> _Exercise directions_
In the entries below, begin at the line that has "-. Title : Small" and stop after the line that has "11月2日,一群穿着亮丽色彩"; output those lines exactly, leaving out pictures.

> _Task input_

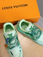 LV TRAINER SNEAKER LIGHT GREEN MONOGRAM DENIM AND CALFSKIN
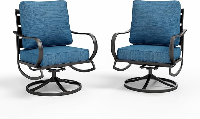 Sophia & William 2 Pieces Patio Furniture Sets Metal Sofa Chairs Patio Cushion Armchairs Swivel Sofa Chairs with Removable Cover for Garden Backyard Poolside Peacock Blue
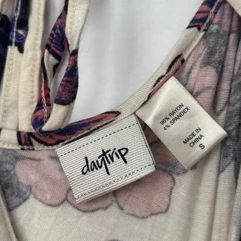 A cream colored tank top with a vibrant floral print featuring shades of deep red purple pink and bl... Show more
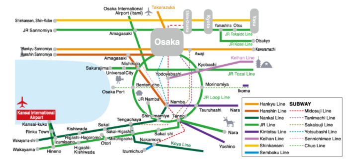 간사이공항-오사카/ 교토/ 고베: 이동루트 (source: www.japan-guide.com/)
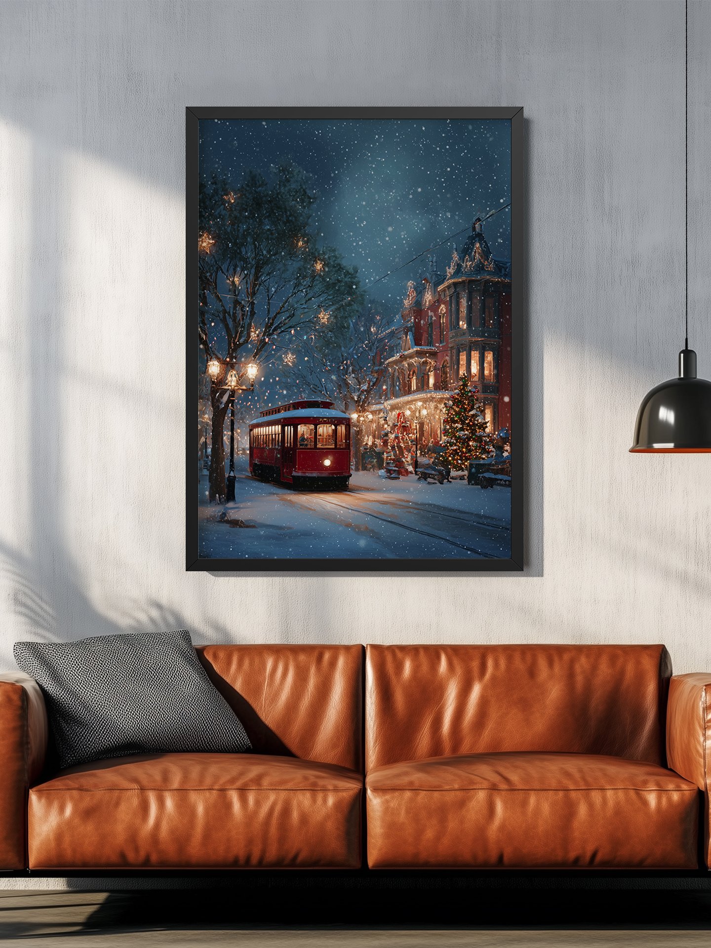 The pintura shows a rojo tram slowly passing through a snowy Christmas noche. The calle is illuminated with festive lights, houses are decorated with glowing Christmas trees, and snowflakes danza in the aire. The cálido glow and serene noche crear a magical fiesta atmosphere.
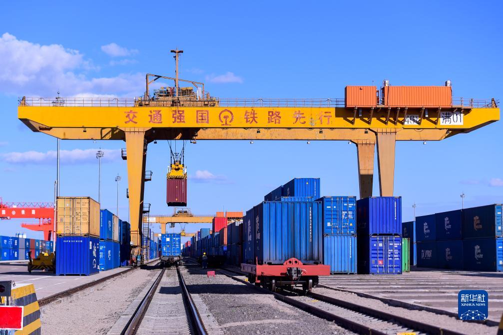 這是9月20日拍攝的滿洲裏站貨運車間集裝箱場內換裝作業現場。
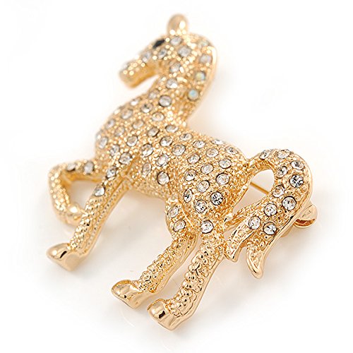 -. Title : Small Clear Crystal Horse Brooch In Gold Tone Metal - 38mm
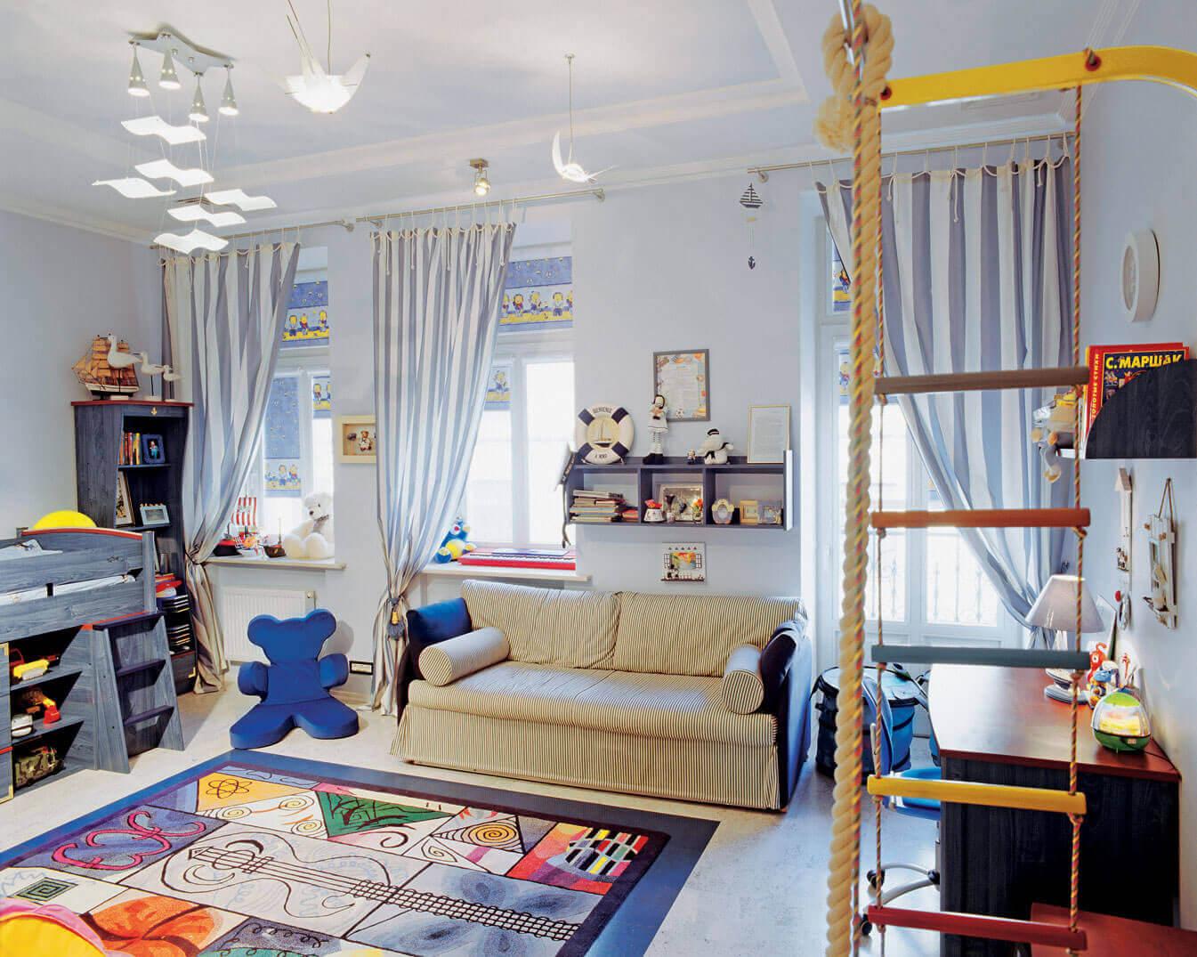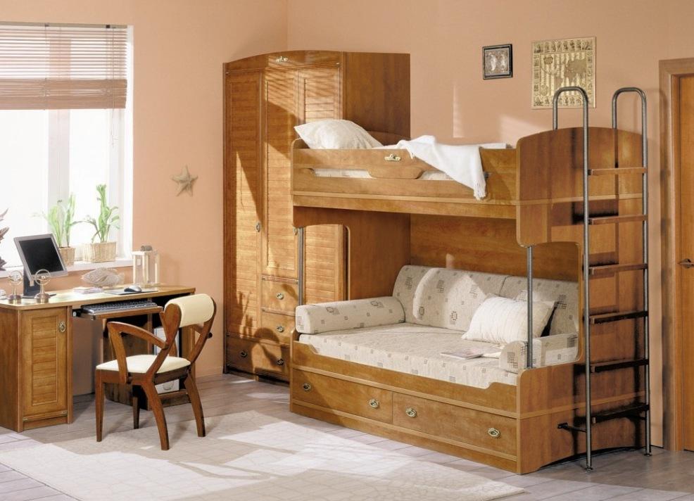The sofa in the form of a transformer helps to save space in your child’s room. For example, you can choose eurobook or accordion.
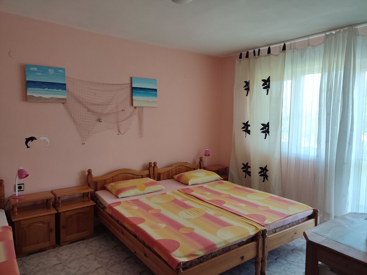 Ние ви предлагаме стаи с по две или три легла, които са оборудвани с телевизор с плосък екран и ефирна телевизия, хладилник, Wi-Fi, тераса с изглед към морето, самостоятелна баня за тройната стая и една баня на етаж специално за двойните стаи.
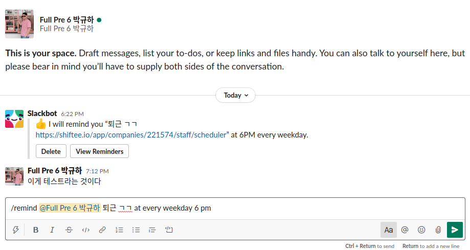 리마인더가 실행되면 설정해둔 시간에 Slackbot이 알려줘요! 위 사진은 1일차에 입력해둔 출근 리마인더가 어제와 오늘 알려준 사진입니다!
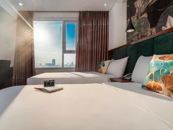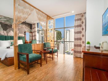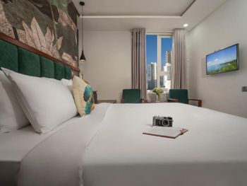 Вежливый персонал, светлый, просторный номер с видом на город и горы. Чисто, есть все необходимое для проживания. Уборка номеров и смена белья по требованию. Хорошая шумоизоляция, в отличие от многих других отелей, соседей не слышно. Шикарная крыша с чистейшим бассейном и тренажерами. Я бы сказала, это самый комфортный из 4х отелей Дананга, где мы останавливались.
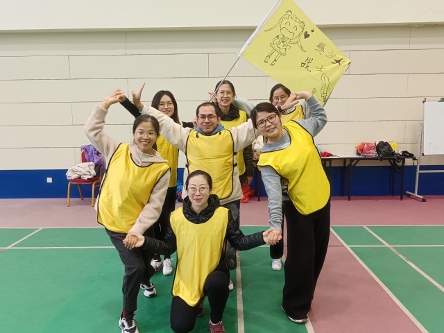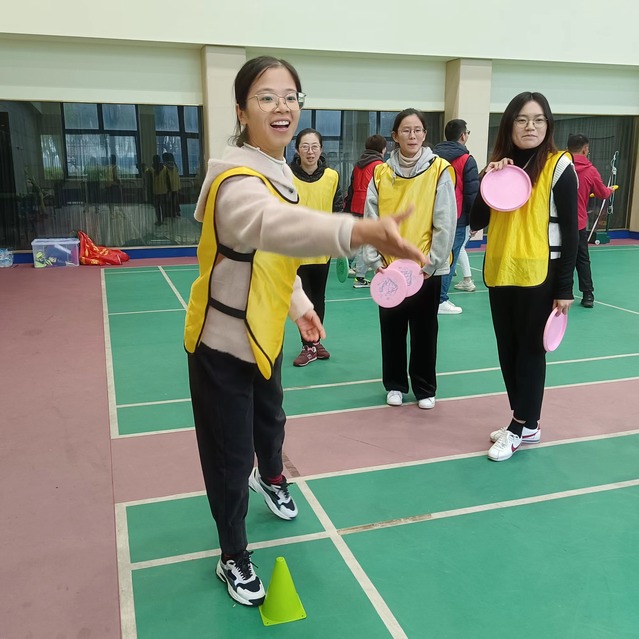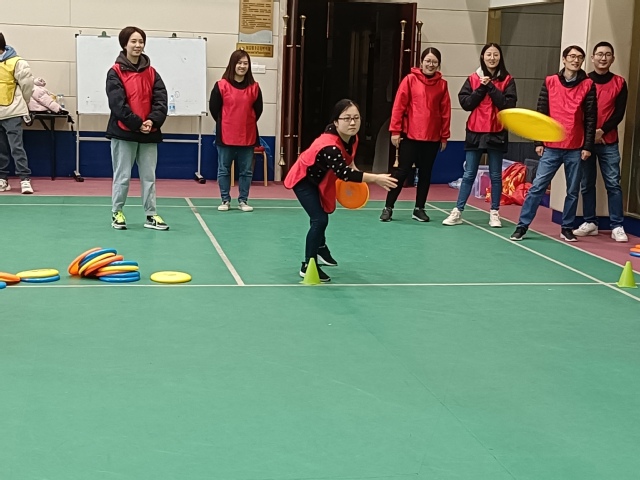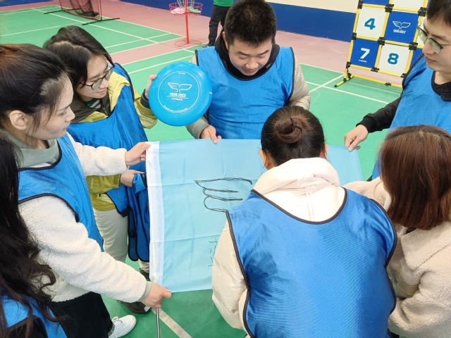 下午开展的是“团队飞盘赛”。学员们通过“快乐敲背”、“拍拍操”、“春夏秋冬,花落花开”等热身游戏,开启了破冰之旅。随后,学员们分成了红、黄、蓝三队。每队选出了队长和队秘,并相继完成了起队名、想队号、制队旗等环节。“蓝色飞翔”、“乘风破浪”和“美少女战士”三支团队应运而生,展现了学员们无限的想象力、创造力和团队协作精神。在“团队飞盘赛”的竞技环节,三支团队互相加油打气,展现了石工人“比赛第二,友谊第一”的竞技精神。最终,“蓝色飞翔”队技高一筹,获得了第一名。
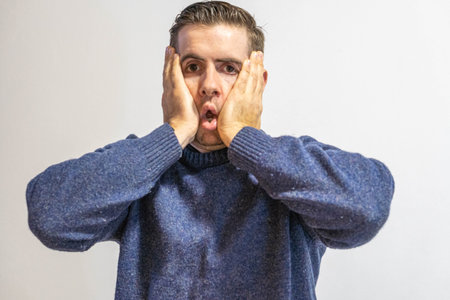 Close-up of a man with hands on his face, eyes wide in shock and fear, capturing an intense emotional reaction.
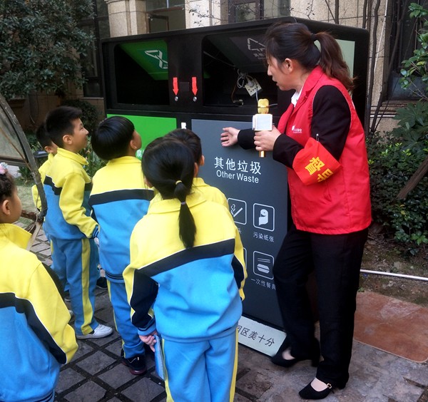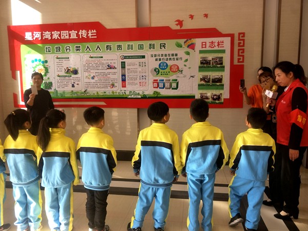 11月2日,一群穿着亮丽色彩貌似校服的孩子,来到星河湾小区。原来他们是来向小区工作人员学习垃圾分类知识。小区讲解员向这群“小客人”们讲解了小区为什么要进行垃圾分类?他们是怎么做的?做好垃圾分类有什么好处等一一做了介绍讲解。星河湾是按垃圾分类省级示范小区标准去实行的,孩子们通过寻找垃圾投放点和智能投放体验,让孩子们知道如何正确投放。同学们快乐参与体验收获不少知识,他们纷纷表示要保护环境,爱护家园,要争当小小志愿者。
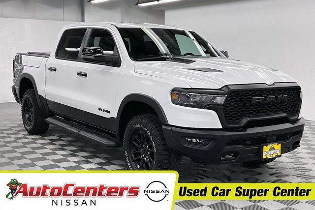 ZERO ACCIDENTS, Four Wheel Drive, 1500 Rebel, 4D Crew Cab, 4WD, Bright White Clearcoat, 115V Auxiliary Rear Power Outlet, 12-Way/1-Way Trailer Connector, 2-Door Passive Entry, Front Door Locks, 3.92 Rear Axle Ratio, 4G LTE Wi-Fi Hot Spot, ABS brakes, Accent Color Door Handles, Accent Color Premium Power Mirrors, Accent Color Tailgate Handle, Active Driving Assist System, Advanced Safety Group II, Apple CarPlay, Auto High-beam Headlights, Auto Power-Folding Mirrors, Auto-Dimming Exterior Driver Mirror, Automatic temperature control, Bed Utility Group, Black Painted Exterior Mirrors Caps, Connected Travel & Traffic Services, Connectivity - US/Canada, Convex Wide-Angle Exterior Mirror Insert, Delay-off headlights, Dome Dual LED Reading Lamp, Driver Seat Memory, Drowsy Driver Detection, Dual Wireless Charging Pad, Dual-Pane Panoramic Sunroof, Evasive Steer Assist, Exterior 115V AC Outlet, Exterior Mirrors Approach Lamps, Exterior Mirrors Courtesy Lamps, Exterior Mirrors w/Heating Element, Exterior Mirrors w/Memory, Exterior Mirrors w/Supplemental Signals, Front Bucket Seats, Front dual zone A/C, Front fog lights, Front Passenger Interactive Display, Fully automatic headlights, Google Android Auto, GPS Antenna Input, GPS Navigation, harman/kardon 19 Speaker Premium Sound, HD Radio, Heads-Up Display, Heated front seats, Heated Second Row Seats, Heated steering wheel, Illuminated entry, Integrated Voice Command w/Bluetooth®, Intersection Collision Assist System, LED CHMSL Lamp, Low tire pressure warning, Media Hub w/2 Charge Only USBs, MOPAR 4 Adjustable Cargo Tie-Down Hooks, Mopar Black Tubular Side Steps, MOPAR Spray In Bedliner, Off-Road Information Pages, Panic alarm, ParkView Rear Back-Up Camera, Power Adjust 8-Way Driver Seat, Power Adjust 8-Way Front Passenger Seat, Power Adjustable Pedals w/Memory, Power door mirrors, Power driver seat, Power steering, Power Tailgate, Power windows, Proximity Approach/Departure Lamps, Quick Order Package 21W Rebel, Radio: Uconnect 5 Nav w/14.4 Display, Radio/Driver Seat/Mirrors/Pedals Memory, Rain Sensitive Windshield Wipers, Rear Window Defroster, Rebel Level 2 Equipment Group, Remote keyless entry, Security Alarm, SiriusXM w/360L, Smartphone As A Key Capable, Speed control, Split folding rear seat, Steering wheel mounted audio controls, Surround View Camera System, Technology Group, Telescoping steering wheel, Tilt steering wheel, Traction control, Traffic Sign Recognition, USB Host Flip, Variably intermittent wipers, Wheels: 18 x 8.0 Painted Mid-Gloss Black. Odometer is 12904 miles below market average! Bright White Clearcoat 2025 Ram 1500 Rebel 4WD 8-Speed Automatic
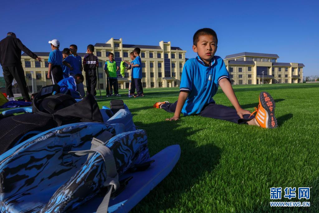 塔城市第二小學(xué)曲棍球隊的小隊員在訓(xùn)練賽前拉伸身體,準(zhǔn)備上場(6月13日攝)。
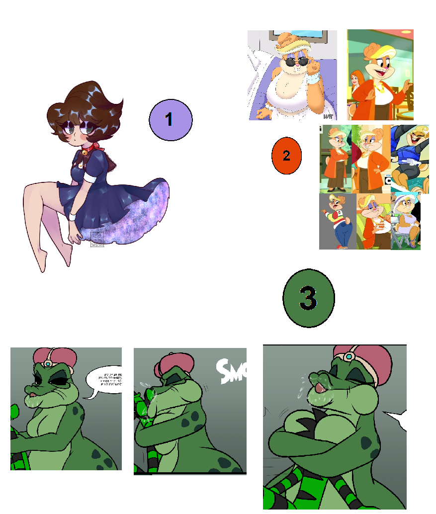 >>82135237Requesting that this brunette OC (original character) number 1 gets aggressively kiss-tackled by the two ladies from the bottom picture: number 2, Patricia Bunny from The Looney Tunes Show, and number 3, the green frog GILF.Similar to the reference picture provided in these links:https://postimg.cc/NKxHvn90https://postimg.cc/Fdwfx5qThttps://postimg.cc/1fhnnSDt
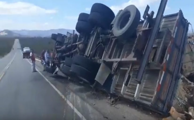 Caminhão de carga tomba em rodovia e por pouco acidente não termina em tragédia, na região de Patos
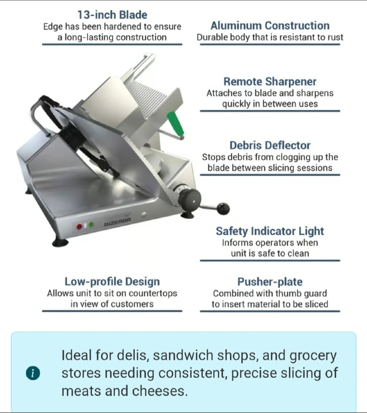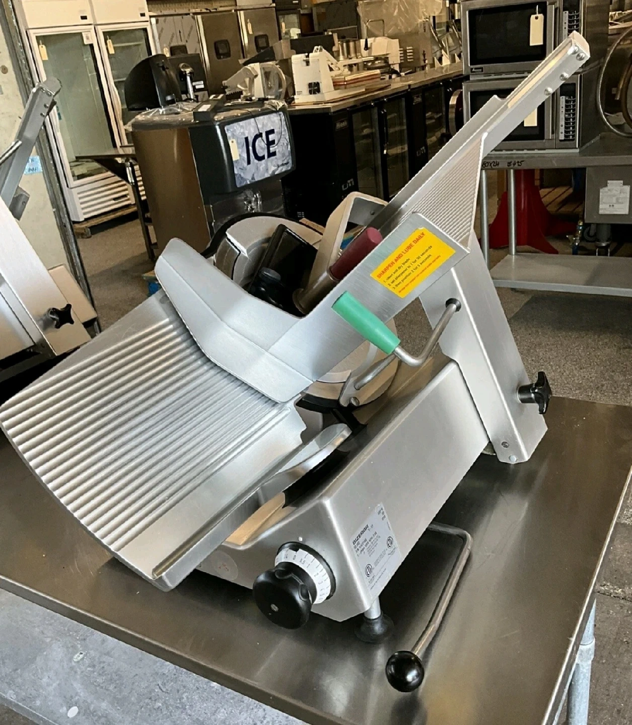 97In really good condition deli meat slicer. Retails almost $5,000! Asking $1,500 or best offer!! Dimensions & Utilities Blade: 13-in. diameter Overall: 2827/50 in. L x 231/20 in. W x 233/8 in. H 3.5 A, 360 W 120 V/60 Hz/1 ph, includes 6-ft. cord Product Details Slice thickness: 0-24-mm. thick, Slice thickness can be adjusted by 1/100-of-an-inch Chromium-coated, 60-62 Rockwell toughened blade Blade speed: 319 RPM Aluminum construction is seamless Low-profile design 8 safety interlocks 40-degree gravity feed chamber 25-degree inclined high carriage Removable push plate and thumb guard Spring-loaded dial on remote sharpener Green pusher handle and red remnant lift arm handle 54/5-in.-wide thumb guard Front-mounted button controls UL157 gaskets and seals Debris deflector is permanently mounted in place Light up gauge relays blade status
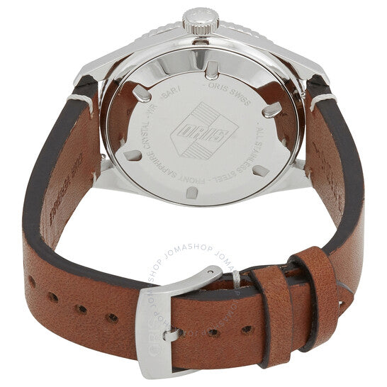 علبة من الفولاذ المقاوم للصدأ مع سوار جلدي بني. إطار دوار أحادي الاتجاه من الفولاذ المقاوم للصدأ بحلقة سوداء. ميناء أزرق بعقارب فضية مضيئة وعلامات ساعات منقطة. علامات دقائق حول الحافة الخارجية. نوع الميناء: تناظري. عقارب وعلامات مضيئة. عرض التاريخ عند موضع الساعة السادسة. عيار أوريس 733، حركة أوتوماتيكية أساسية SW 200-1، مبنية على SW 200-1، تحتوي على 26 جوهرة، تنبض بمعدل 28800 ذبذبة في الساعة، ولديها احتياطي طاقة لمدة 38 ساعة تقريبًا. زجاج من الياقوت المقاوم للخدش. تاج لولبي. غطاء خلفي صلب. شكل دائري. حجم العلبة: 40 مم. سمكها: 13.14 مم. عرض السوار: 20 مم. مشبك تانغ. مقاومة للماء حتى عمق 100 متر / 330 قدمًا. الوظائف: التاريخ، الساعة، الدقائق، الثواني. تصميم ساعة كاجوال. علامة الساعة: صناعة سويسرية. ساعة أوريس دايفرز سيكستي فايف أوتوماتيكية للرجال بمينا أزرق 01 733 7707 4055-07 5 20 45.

> _Completed task_
 -. Title : Small Clear Crystal Horse Brooch In Gold Tone Metal - 38mm
The sofa in the form of a transformer helps to save space in your child’s room. For example, you can choose eurobook or accordion.
 Ние ви предлагаме стаи с по две или три легла, които са оборудвани с телевизор с плосък екран и ефирна телевизия, хладилник, Wi-Fi, тераса с изглед към морето, самостоятелна баня за тройната стая и една баня на етаж специално за двойните стаи.
 리마인더가 실행되면 설정해둔 시간에 Slackbot이 알려줘요! 위 사진은 1일차에 입력해둔 출근 리마인더가 어제와 오늘 알려준 사진입니다!
 Вежливый персонал, светлый, просторный номер с видом на город и горы. Чисто, есть все необходимое для проживания. Уборка номеров и смена белья по требованию. Хорошая шумоизоляция, в отличие от многих других отелей, соседей не слышно. Шикарная крыша с чистейшим бассейном и тренажерами. Я бы сказала, это самый комфортный из 4х отелей Дананга, где мы останавливались.
 下午开展的是“团队飞盘赛”。学员们通过“快乐敲背”、“拍拍操”、“春夏秋冬,花落花开”等热身游戏,开启了破冰之旅。随后,学员们分成了红、黄、蓝三队。每队选出了队长和队秘,并相继完成了起队名、想队号、制队旗等环节。“蓝色飞翔”、“乘风破浪”和“美少女战士”三支团队应运而生,展现了学员们无限的想象力、创造力和团队协作精神。在“团队飞盘赛”的竞技环节,三支团队互相加油打气,展现了石工人“比赛第二,友谊第一”的竞技精神。最终,“蓝色飞翔”队技高一筹,获得了第一名。
 Close-up of a man with hands on his face, eyes wide in shock and fear, capturing an intense emotional reaction.
 11月2日,一群穿着亮丽色彩貌似校服的孩子,来到星河湾小区。原来他们是来向小区工作人员学习垃圾分类知识。小区讲解员向这群“小客人”们讲解了小区为什么要进行垃圾分类?他们是怎么做的?做好垃圾分类有什么好处等一一做了介绍讲解。星河湾是按垃圾分类省级示范小区标准去实行的,孩子们通过寻找垃圾投放点和智能投放体验,让孩子们知道如何正确投放。同学们快乐参与体验收获不少知识,他们纷纷表示要保护环境,爱护家园,要争当小小志愿者。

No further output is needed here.